Agnes ne voit rien venir cette fois, elle sait que deux enfants seront à son chevet le jour de sa mort, elle le sait, elle a eu une vision. Elle a mis au monde Susanna et ensuite les jumeaux. Quand elle comprend que Judith est victime de la peste, elle déploie tous ses talents de guérisseuse, elle attend l'arrivée de Will, elle se focalise sur sa fille.... Elle ne sait pas que les jumeaux ont passé un pacte : Hamnet donne sa vie à Dieu en échange de celle de sa sœur bien-aimée. La mort l'emporte, la petite est sauvée. De retour, Will en entrant dans sa maison découvre sa Judith saine et sauve, il se rassure pour un bref moment mais soudain il voit le linceul à demi fermé d'Hamnet...
Agnes s'écroule, William déboussolé repart pour Londres afin de sauver sa troupe à l'approche de la rentrée théâtrale, Susanna prend la tête de la famille, Judith s'enfonce dans un monde imaginaire entourée de chats....La description détaillée de cette lente descente aux enfers de Agnes et de cette famille ne nous laisse aucune plage de repos. On ne comprend pas l'absence, la fuite ? de William. On suit ce clan Shakespeare pendant quatre ans au quotidien, dans cette ville de province au temps d'Élisabeth 1ère, on assiste au retours brefs de Will toujours amoureux, si prolixe dès qu'il s'agit d'écrire, si impuissant à s'exprimer dès qu'il est face à son épouse. Chacun est piégé dans la toile du chagrin, de la perte.
Peu à peu le portrait de William Shakespeare intime se dessine, son enfance maltraitée, la violence et la malhonnêteté paternelle, la ruine et la déchéance sociale qui s'ensuit, la préférence maternelle envers son frère, le jugement définitif de tous quant à sa nullité, sa fainéantise, un moins que rien de l'avis général... sauf aux yeux de la belle et troublante Agnes. Une histoire d'amour rare, stupéfiante.... Cependant un jour, Joan la perfide belle mère de Agnes lui apporte un objet qui pourrait détruire à jamais leur couple.... Alors Agnes n'a plus le choix.....

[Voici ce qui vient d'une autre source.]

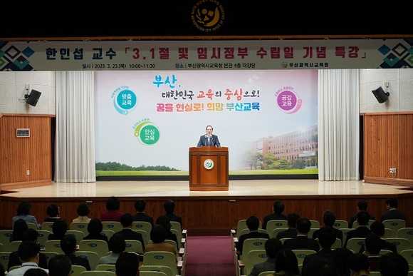 부산시교육청이 23일 오전 10시 시교육청 본관 4층 대강당에서 교육지원청, 직속 기관 직원 등 500여 명이 참석한 가운데 열린 ‘3·1절 및 임시정부 수립일 기념 특강’을 진행했다고 밝혔다.
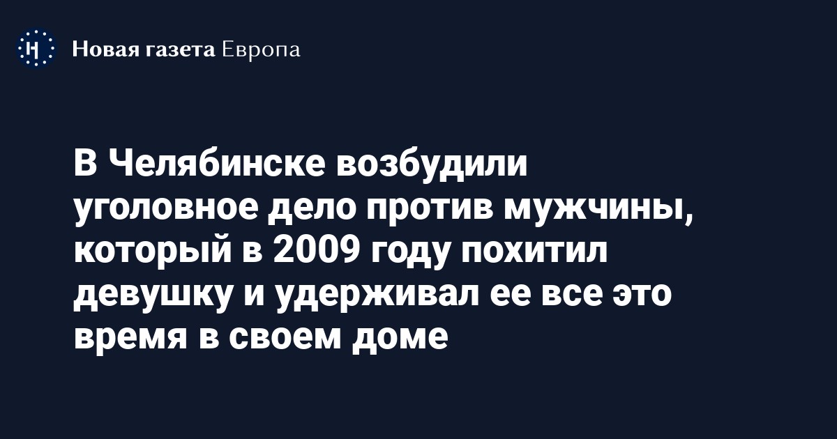 В Челябинске возбудили уголовное дело в отношении местного жителя, который осенью 2009 года пригласил девушку в гости и с тех пор удерживал ее дома. Об этом говорится в релизе Следственного комитета.
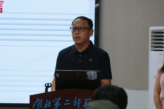 体育教育主任姚威向家长讲述专业培养目标,培养“体魄强健、技能精湛、理论扎实、师德高尚”的复合型体育教育人才,并介绍大学四年核心课程,提出家校共育建议。
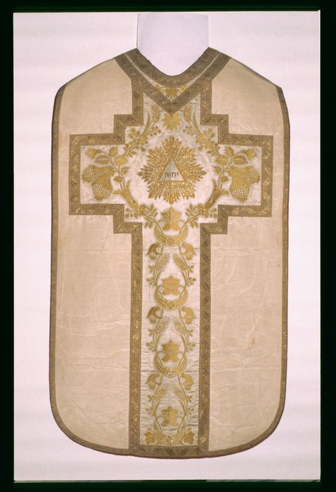 Chasuble, en satin blanc et fils d'or, comportant une croix à décor floral et le tétragramme.
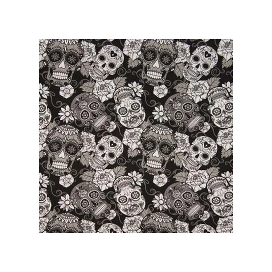 Till alla dödskalle-älskare, här har du dem! I det här fallet får du dessutom extra mycket blommor på köpet. Trikåtyg i en typisk tights/t-shirt-kvalité, med en stretch som gör att det lämpar sig både till tightare och lösare plagg. Det är mjukt, följsamt och framförallt väldigt bekvämt.
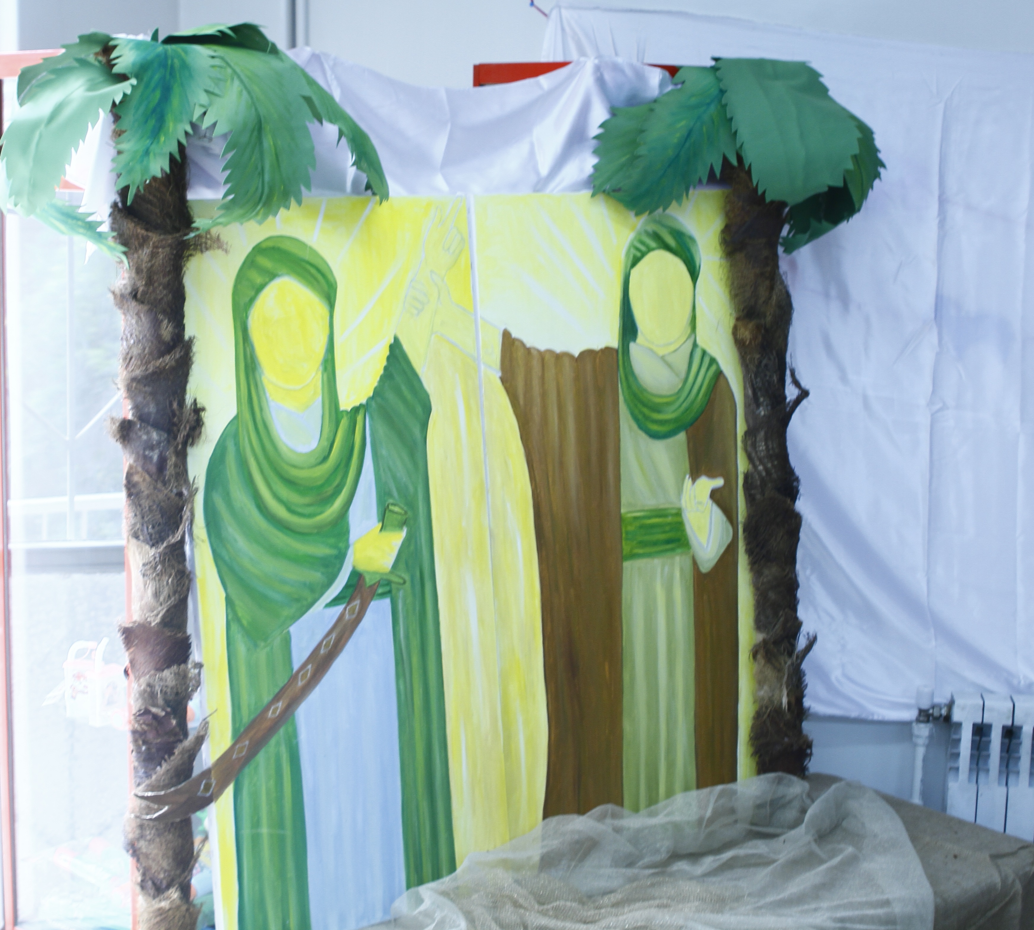 (صحنه ی پیامبر که دست امام علی علیه السلام را بالا گرفته اند تا الان پوشانده شده. پرده کنار می رود)
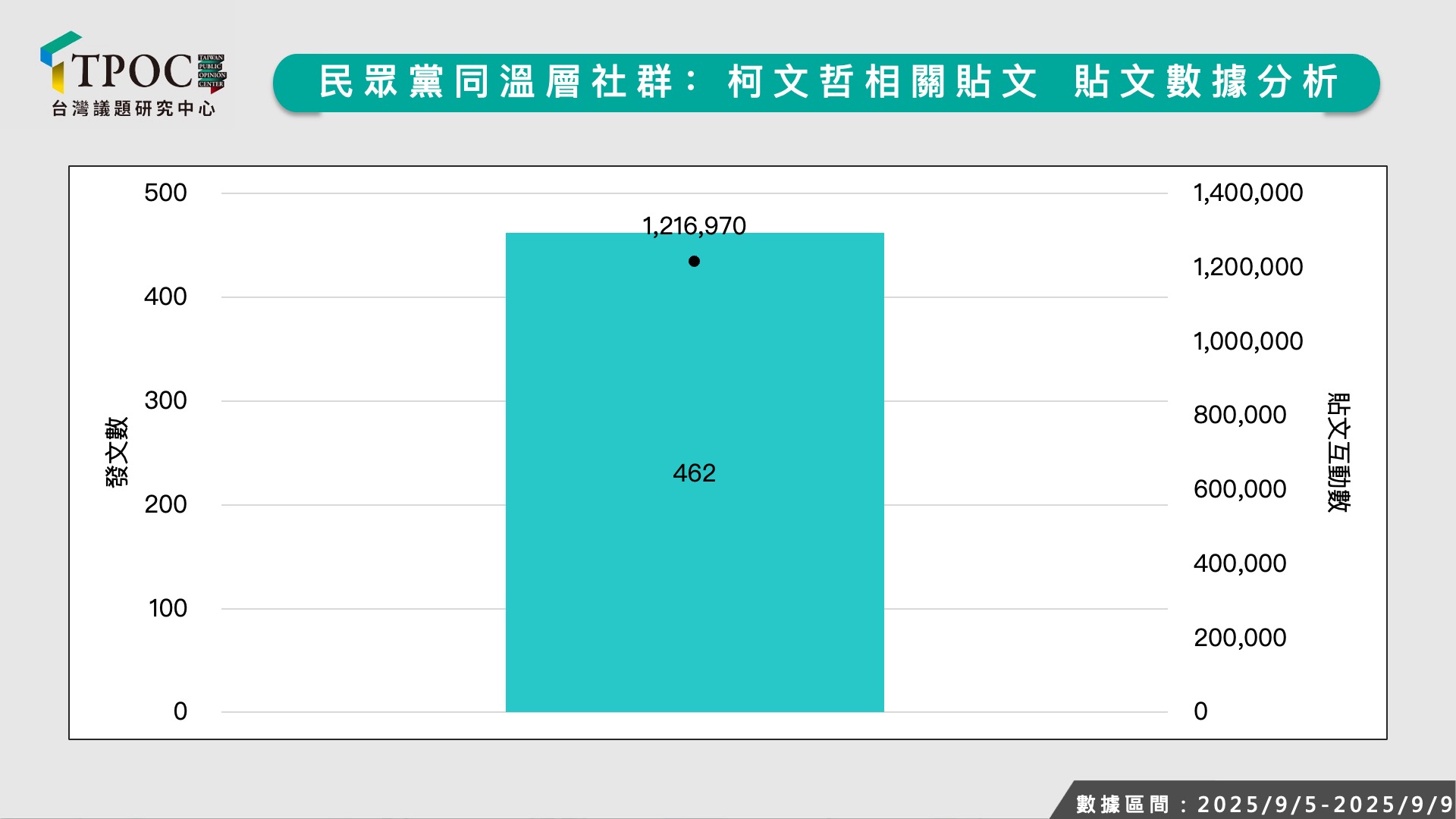進一步分析白營社群同溫層數據,自柯文哲交保後,民眾黨支持者們「動得很厲害」,發文數方面,短短4天就累積超過400多則討論,而在互動數部分更高達121.6萬多次,展現強烈動能。熱門貼文方面,柯文哲透過社群平台發布的幾篇貼文都受到高度關注,包括宣示「絕不投降,絕不屈服!繼續努力!」互動數超過15萬則,而民眾黨發言人吳怡萱紀錄柯文哲回家探視媽媽的文章,以及黃國昌稱7000萬元現金交保「即便對一個醫師家庭,仍是難以承受的沈重負擔」,也獲得高度矚目,互動數超過6萬多則。

La fin de ce récit est d'une beauté à couper le souffle comme tout ce roman historique et psychologique superbe, d'une délicatesse extrême, où l'Art sublime l'horreur, où l'Amour repousse les ténèbres, rendant les amants éternels.Une histoire universelle en des temps de violence, de cruauté, de superstition, d'intolérance, d'épidémie où cependant la lumière, la beauté, l'espoir surgissent brusquement au travers des nuages.
Roman, inspiré par l'œuvre de Shakespeare dont il est un vibrant hommage, somptueux et spectaculaire, dans tous les sens du terme, à l'instar du Hamlet, pièce déclaration d'amour éternel d'un père à son fils. Un des plus beaux livres lus cette année.